Search code examples
xmltalend

Talend XML metadata with multiple similar tags within the loop


I was wondering what would be the best way to create metadata of an XML file with this format:

<?xml version="1.0" encoding="utf-8"?>
<django-objects version="1.0">
    <object pk="8" model="auth.user">
        <field type="CharField" name="username">jd</field>
        <field type="CharField" name="first_name">John</field>
        <field type="CharField" name="last_name">Doe</field>
        <field type="CharField" name="email">[email protected]</field>
    </object>
    <object pk="2102684" model="auth.user">
        <field type="CharField" name="username">kr</field>
        <field type="CharField" name="first_name">Karl</field>
        <field type="CharField" name="last_name">Row</field>
        <field type="CharField" name="email">[email protected]</field>
    </object>
  .... etc
</django-objects>

The problem here is that the tag repeats multiple times (instead of having a separate <username>, <first_name>, etc tag), which causes the default metadata mapping to only return the first occurance (username).
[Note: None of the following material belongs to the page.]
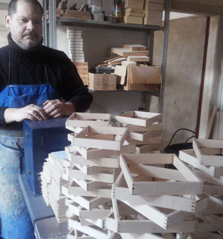 Zur Demonstration der einzelnen Arbeitsschritte öffnet Fritz Fialka nun die Tür zur Werkstatt. Und tatsächlich: der Eingang in eine vergangene Welt des Handwerks. Linker Hand befindet sich die Holzwerkstatt, dort werden die Holzleisten fachgerecht mit der Kreissäge zugeschnitten. Danach mit der Fräse gezinkt, verleimt und abgelängt. Erkennbar sind nun schon die Grundkörper der Etuis. Berge von kleinen Rähmchen türmen sich übereinander und warten auf Weiterverarbeitung.

How can I best map this kind of data?

Thanks koen


Solution

  • Ok, this was a newbee question I guess: I figured it out. I just need to use XPATH to map the fields to new columns. For instance:

        <field type="CharField" name="username">jd</field>
    

    maps like this using a tFileInputMSXML component:

        "field[@name='username']". 
    

    Every field tag is mapped like this. Works like a charm.